■ **Source data**:

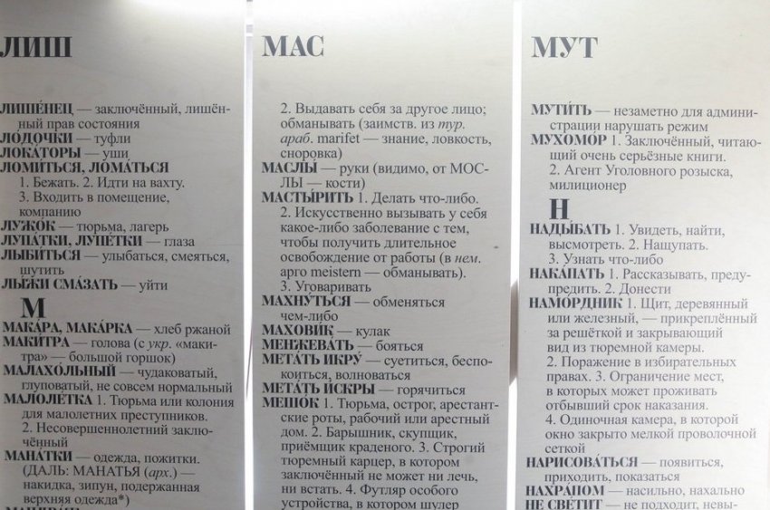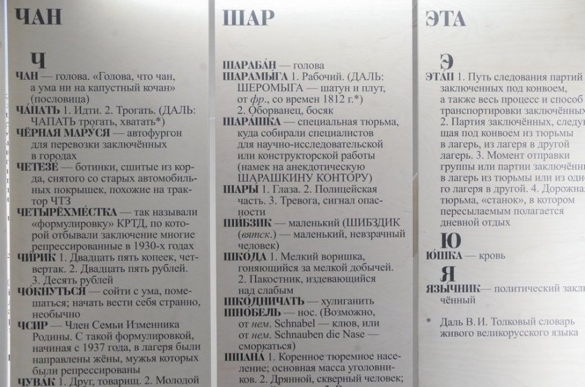 К выбору слов, попавших из словаря на стенды, сотрудники Музея истории ГУЛАГа подходили очень тщательно. Выбрано примерно 300 слов, по 10 на каждую букву. Им хотелось показать и просторечия, и лагерные специфические высказывания, и современные часто употребляемые слова, но родом из-за решетки. Так, можно и без перевода понять, что такое «заначка», «лажа» или «показуха». Однако немногие знают, что «иуда» — это еще и глазок в дверях тюремной камеры, «индюшка» — чай, а «паспорт с температурой» — удостоверение личности, в котором указано, что выдан паспорт на основании статьи 38 (чаще 39) «Положения о паспортах». Эти статьи ограничивали места, где мог жить освободившийся.
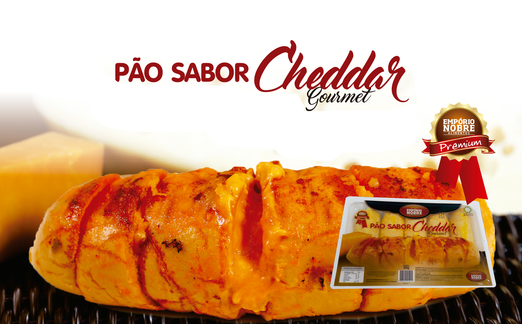 Pão de Cheddar: Produzido a partir do requeijão de cheddar seu recheio leva ainda alho selecionado, que dão um contraste especial. Adorado por jovens e crianças, faz desse produto indispensável, não só para churrascos, mas também para o dia a dia.
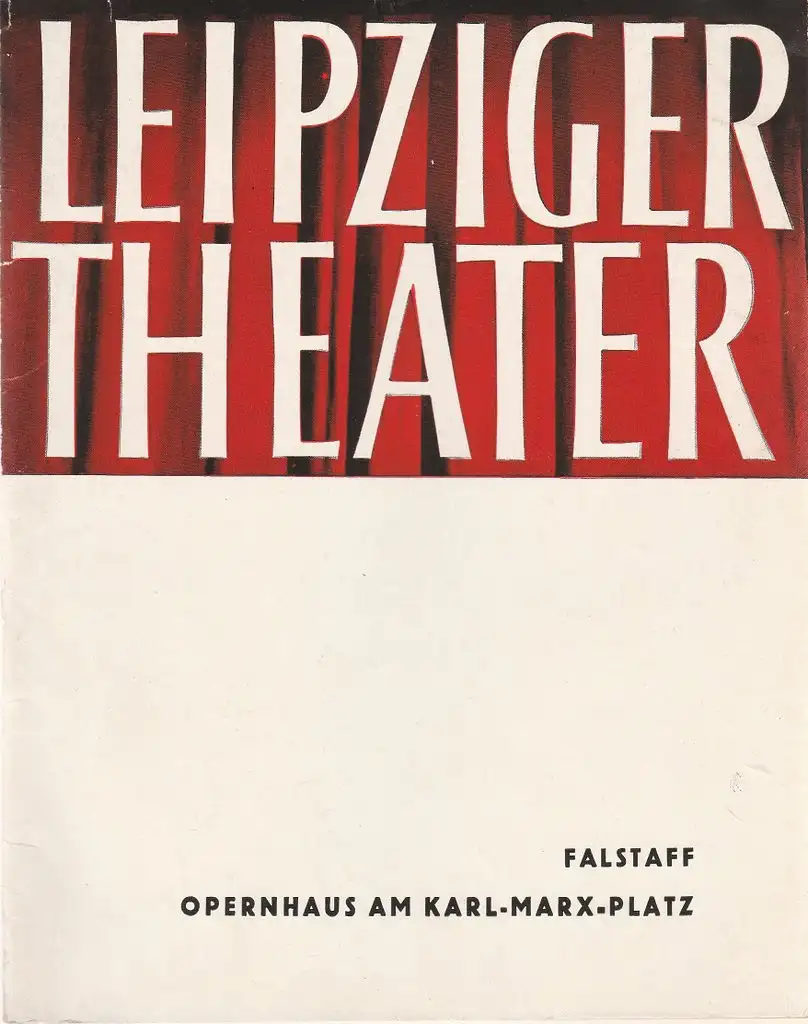 Lyrische Komödie in drei Akten nach Shakespeares Die lustigen Weiber von Windsor und Heinrich IV. Musikalische Leitung: Günter Schubert. Inszenierung: Joachim Herz. Bühne: Max Elten. Kostüme: Eleonore Kleiber. Mitwirkende: Kurt Rösinger, Bruno Aderhold, Ursula Brömme, Hildegard Bondzio, Anna Barova, Katrin Wölzl, Walter Schmidt, Guntfried Speck, u.a. - Theaterprogramm, Opernprogramm, Ballettprogramm, Musicalprogramm, Konzertprogramm, Theatermemorabilia, Programmhefte Sammlung, deutsche Theatergeschichte.

■ **Task directions**:
Please print the listing above again word for word, without its pictures.

■ **Answer below**:
 К выбору слов, попавших из словаря на стенды, сотрудники Музея истории ГУЛАГа подходили очень тщательно. Выбрано примерно 300 слов, по 10 на каждую букву. Им хотелось показать и просторечия, и лагерные специфические высказывания, и современные часто употребляемые слова, но родом из-за решетки. Так, можно и без перевода понять, что такое «заначка», «лажа» или «показуха». Однако немногие знают, что «иуда» — это еще и глазок в дверях тюремной камеры, «индюшка» — чай, а «паспорт с температурой» — удостоверение личности, в котором указано, что выдан паспорт на основании статьи 38 (чаще 39) «Положения о паспортах». Эти статьи ограничивали места, где мог жить освободившийся.
 Pão de Cheddar: Produzido a partir do requeijão de cheddar seu recheio leva ainda alho selecionado, que dão um contraste especial. Adorado por jovens e crianças, faz desse produto indispensável, não só para churrascos, mas também para o dia a dia.
 Lyrische Komödie in drei Akten nach Shakespeares Die lustigen Weiber von Windsor und Heinrich IV. Musikalische Leitung: Günter Schubert. Inszenierung: Joachim Herz. Bühne: Max Elten. Kostüme: Eleonore Kleiber. Mitwirkende: Kurt Rösinger, Bruno Aderhold, Ursula Brömme, Hildegard Bondzio, Anna Barova, Katrin Wölzl, Walter Schmidt, Guntfried Speck, u.a. - Theaterprogramm, Opernprogramm, Ballettprogramm, Musicalprogramm, Konzertprogramm, Theatermemorabilia, Programmhefte Sammlung, deutsche Theatergeschichte.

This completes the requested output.